Grinning like a bad child, he emerged from the kitchen with a package wrapped in one of Mrs. Blackburn's tea towels. The good lady never appeared, and Butch said later she'd supplied all he asked for without once speaking a word and without looking him in the face.
"Goodbye, Mrs. Blackburn," I called out gaily as I left. In seconds, Butch had restored my good spirits.
Riding across country a long distance gives people a certain intimacy... well, at least familiarity. Butch and I, who knew each other so well, reached a new level of understanding on the ride back to Wyoming, but it wasn't something we talked about or even, at the time, knew was happening. We did talk about Sundance.
"You gonna leave him?" Butch asked abruptly one night, reaching to stir the coals of the fire that still heated our coffee. We'd dined sparsely that night—canned sardines and soggy crackers bought midday in some small town—and the smell of the coffee tantalized my uneasy stomach.
I shrugged and then realized that doing so made me just like Sundance. "I might," I said cautiously. "I don't see him ever changing, ever... well, you know, growing up."
"So he don't have to go to Elko and raise hell?" Butch asked, and in the firelight I could see his grin.
"I don't mind the hell-raising," I said, "if I'm part of it. But I won't be treated like a convenience."
"Ah, Etta, you're never that to him. He loves you like he's never loved anyone, not even Anna Maria Thayne. But he's scared... and he's doing the only thing he knows to keep the devil off his back. He's running hard."

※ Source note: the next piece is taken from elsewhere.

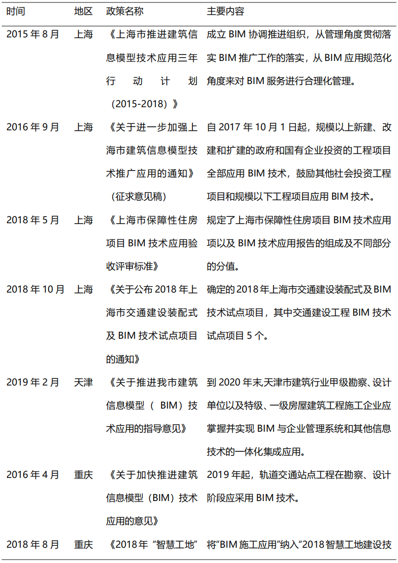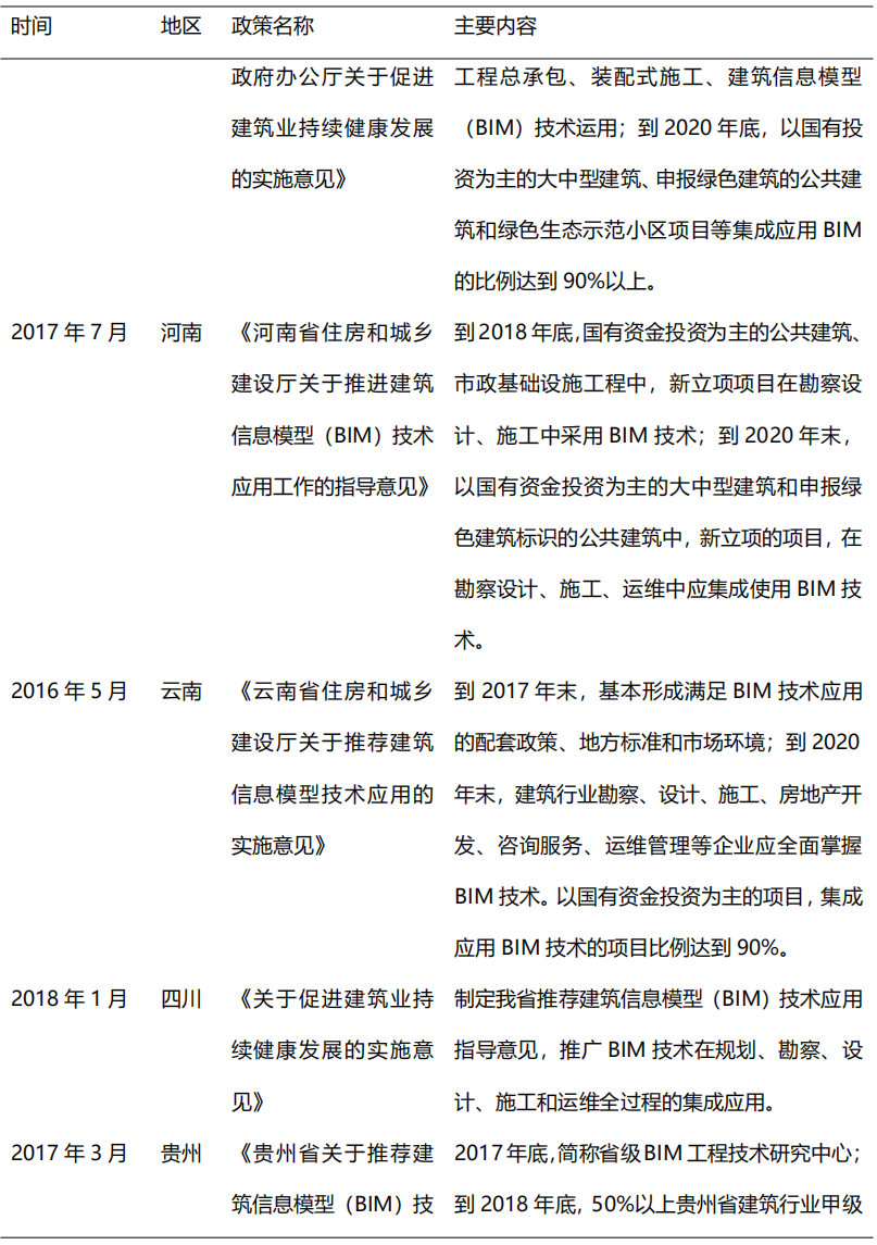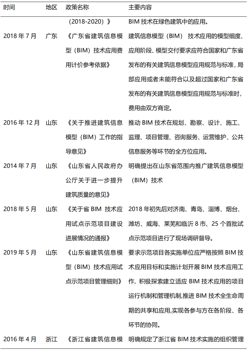 從2014年開始,在住建部的大力推動下,各省市政策相繼出臺BIM推廣應用文件,到目前我國已初步形成BIM技術應用標準和政策體系,為BIM的快速發展奠定了堅實的基礎。2017年,貴州、江西、河南等省市正式出臺BIM推廣意見,明確提出在省級范圍內提出推廣BIM技術應用。2018-2019年,各地政府對于BIM技術的重視程度不減,重慶、北京、吉林、深圳等多地政策出臺指導意見,旨在推動BIM技術進一步應用普及。隨著我國出臺BIM推廣意見的省市數量逐漸增多,全國BIM技術應用推廣的范圍更加廣泛。表2列舉了部分重要地方鼓勵政策。

"What's he scared of?" I asked scornfully, I knew, of course, that he was scared of jail and a lot of other things, but Butch put it more clearly for me.

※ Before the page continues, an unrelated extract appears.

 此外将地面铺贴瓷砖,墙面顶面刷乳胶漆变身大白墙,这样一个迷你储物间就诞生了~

"That we'll find we can't do w
hat we do here anymore. Those governors are going to beat us one way or another, Etta. We can't go on living on the dodge, making an occasional score—we'll either be killed or go to jail."
"I don't want to wait to see either one," I said, and then added, "for either of you."

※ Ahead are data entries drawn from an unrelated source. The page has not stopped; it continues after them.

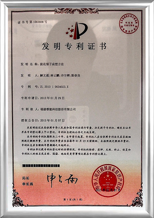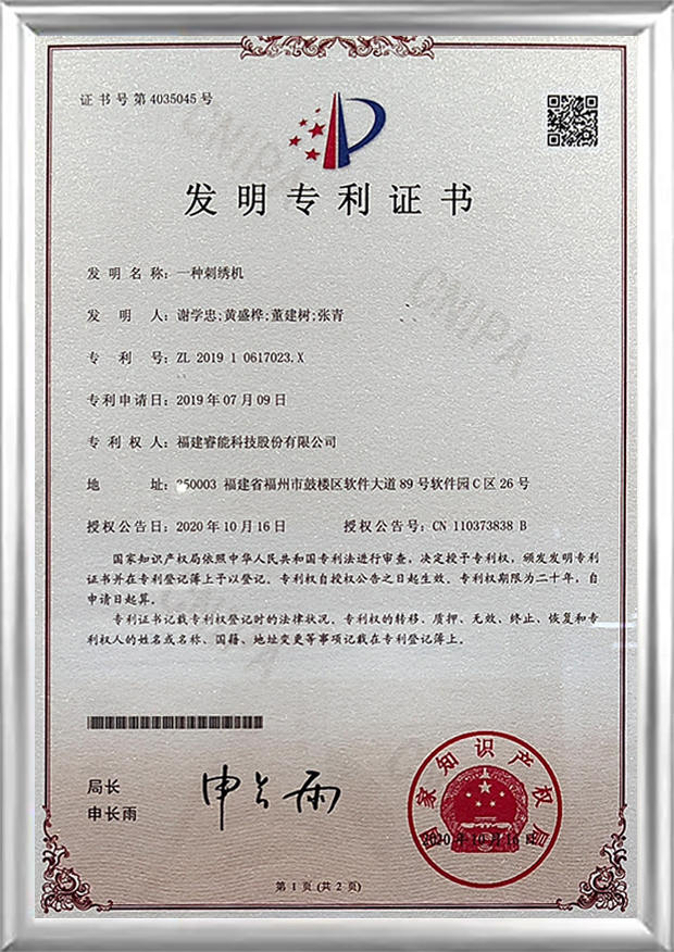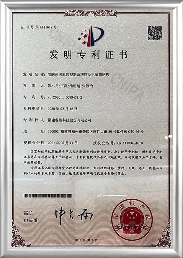 ● Trung tâm công nghệ của công ty đã được công nhận là "Trung tâm Nghiên cứu Công nghệ Kỹ thuật Doanh nghiệp Điều khiển Thông minh Thiết bị Dệt may Phúc Kiến".
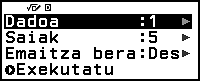 Dadoa botatzea funtzioak bat, bi edo hiru dado birtual botatzen ditu zehaztutako aldi kopuruan. Emaitza eskuratzeko, hautatu pantaila hauetako bat:
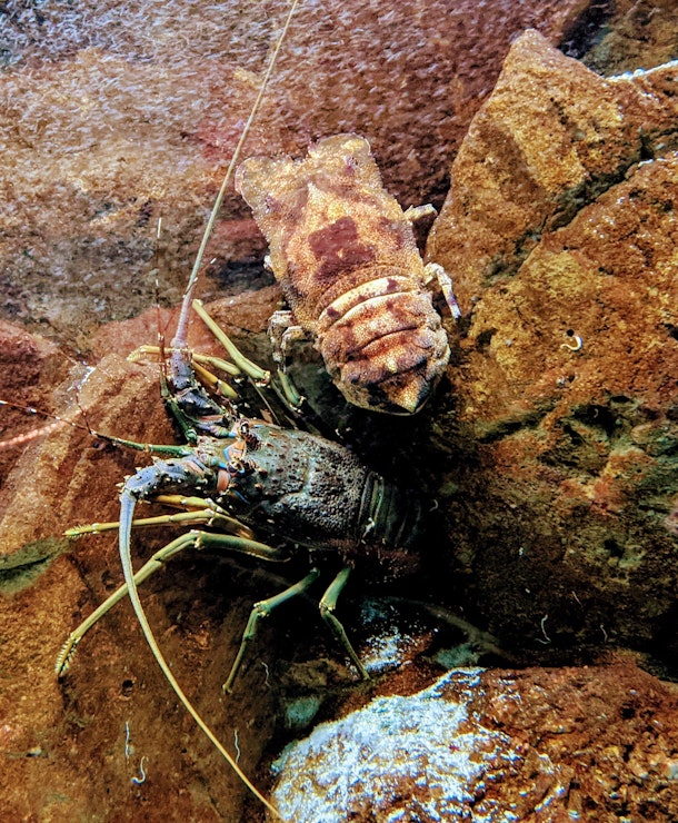 画像は和歌山県の京大水族館の巨大コブセミエビと巨大シマイセエビです。脊椎動物(魚)よりも甲殻類やヒトデやホヤとか無脊椎動物のほうが多い、お気に入りの水族館です。
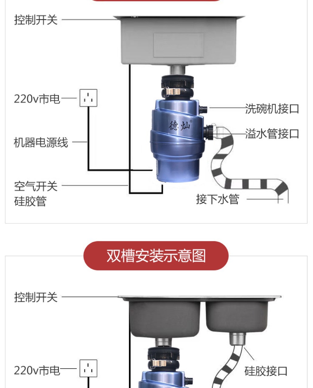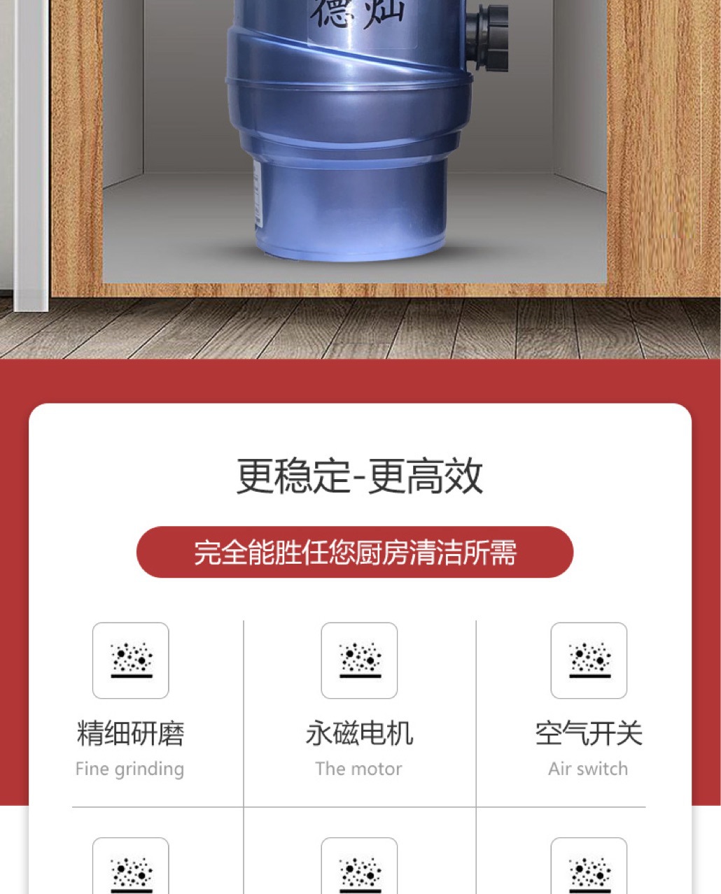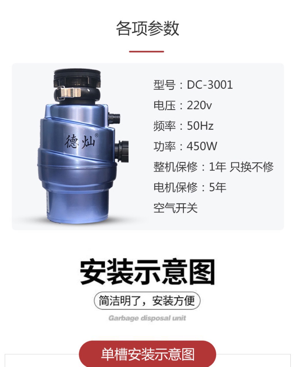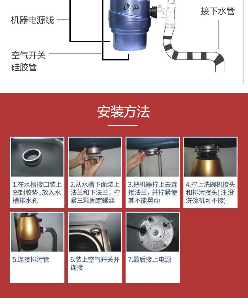 德灿食物垃圾处理器以内销和承接OEM为主,产品质量可靠,专业的品牌,自有生产线,厂价直销,省去巨额广告费,超高性价比!

He tipped his hat in my direction. "I appreciate your concern. Sundance and me, why, we might go to South America some day—take our winnings, if we've got any, and disappear." He stared at me over the fire. "We'd take you, Etta," and then he added hastily, "long as you wanted to go."
I'd heard that talk before, but that's not what I said to Butch. "You don't know that Sundance would," I said angrily. "He wouldn't even take me to Elko."
"Ah, Etta, he was going with Curry. You wouldn't have wanted to go. And it's just what I told you—a fling to take his mind off worrying. He didn't mean nothin' by not takin' you. But he'd take you to South America—that'd be more than a fling. It would mean changing our whole lives permanently."
"You won't either one live that long," I predicted grimly. Then, suddenly, I sat up straight. "Butch, why can't you and I disappear... right now, just leave, go someplace and take up new lives and forget the Wild Bunch and robbing trains and—"
He held up a hand. "Because not either one of us would do that to Sundance."
"He went off and left me," I fumed, "and I don't owe him anything."
Butch's voice was calm. "Think about it, Etta. If you left now..."
We didn't either one speak for a long time, probably the better part of an hour. But then, as Butch rose and stretched—an obvious sign he was preparing to turn in for the night—I said, "And we can't run away, because no matter what's between you and me, it's not the same. There's always Sundance, and there's always Mary Boyd... and nothing's going to change that."
"Not even," he said, grinning, "bad marriages or bad behavior. We're stuck with them—and that's our own doing."
"Butch Cassidy," I said, rising and moving toward him, "I really do love you." I reached up to plant a kiss on his cheek, and he in turn gave me a rough hug.